Ça ne te dérange pas ?

Grace, faut vivre avec son temps, la sermonna-t-il en mimant le concept.

Elle le regarda, incrédule, et une ombre traversa son visage. Gabriel savait que cette ombre-là portait le nom de Malia, écrit en grosses lettres. Elle le croyait sans doute trop gaga pour prendre la mesure des choses. Il ne se donna pas la peine de la corriger.

Bien, dit-elle platement. J'imagine donc qu'on en a fini avec les recherches.

Faux. Je voulais te demander de faire des recherches sur les tambours Rada.

Tambours Rada ?

Ouais. Qu'est-ce que c'est, d'où ça vient, et vois en particulier si tu peux trouver quelque chose à propos d'un code. Tu sais, comme les signaux de fumée, mais sonores.

Il se redressa et manqua de tomber en arrière. Grace l'observa avec la patience que l'on réservait généralement aux attardés mentaux.

Bon, d'accord, dit-elle. Donc même si la police n'est plus dans le coup, toi, tu l'es toujours ?

Allons, Gracie, toi et moi... on n'avait pas besoin de ces losers, dit-il en affectant d'être sérieux.

Grace serra les lèvres et ne dit rien.

Maintenant, que dirais-tu de me laisser reprendre les commandes de la librairie ?

Mais ma journée ne se finit que dans une heure !
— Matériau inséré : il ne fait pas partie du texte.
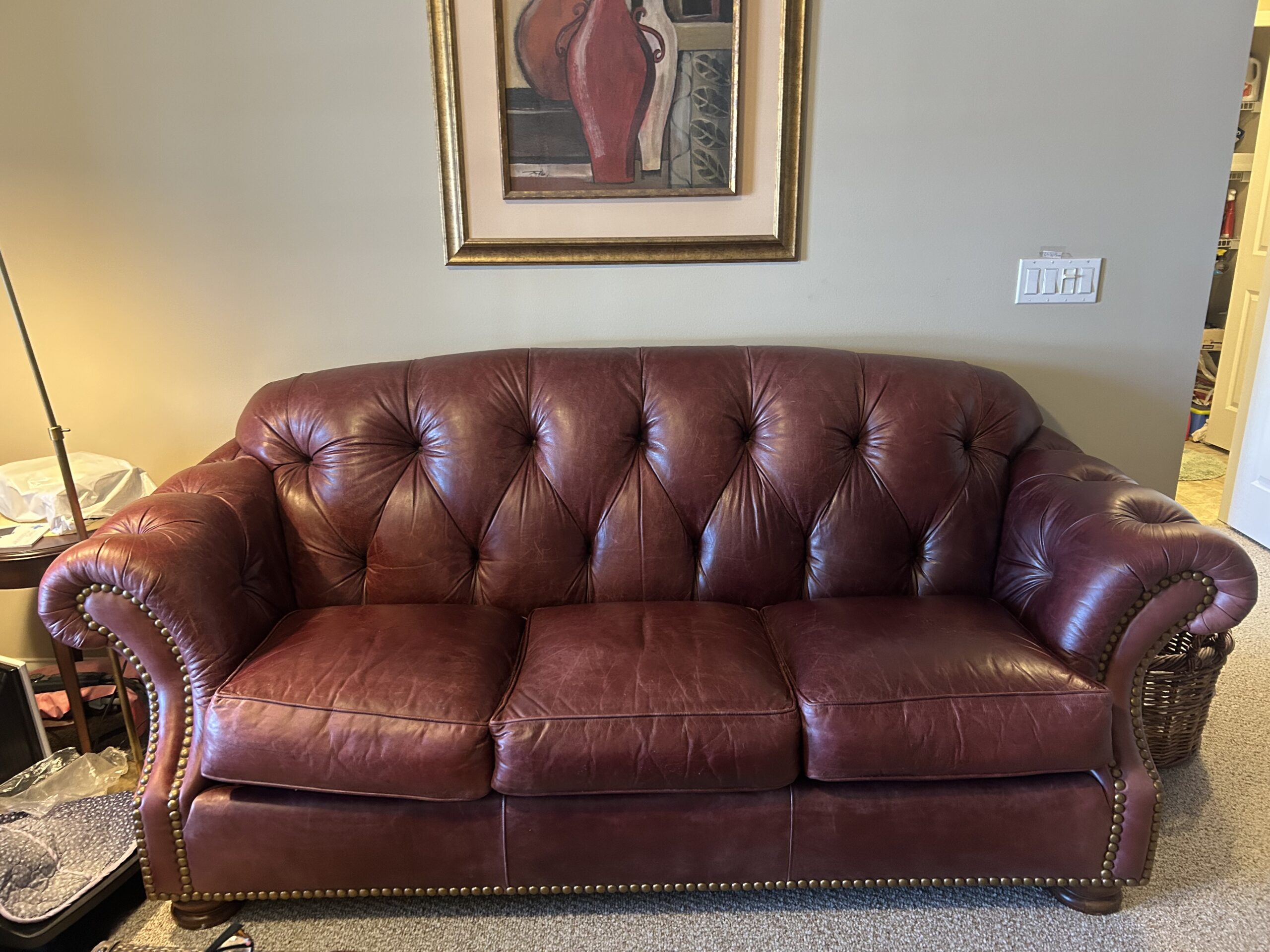 Tufted burgundy leather sofa.

Allez, je suis peut-être un écrivain de merde, mais je sais encore vendre des livres. Vas-y.

Grace secoua la tête, visiblement atterrée par le comportement de Gabriel, mais elle rassembla docilement ses affaires et se prépara à s'en aller. Elle s'arrêta après avoir mis son manteau pour le regarder encore une fois avec perplexité.

Tu vas bien ?

Comme le Roi Pêcheur dans son harem de saumons. Allez, file maintenant, dit-il avec un large sourire.

Grace s'enfuit.

Gabriel la regarda partir à travers la vitrine, avec un rire qui ne cessa de monter jusqu'à paraître franchement dément, même selon ses critères.

 

* * *

 

Malia ? murmura-t-il.

Le téléphone était au creux de son cou. Il était presque minuit et il s'était juré de ne pas utiliser le numéro privé qu'elle lui avait donné, pas si vite, pas si précipitamment, mais son corps était lourd après sa seconde douche et la simple pression des draps lui donnait des courbatures.

Gabriel ?

Désolé d'appeler si tard.

Tu ne trouves pas le sommeil ?

Non.

Moi non plus, soupira-t-elle. Viens.

J'arrive.

Il raccrocha, enfila le premier jean qu'il réussit à trouver dans le noir, et tituba jusqu'à la porte d'entrée.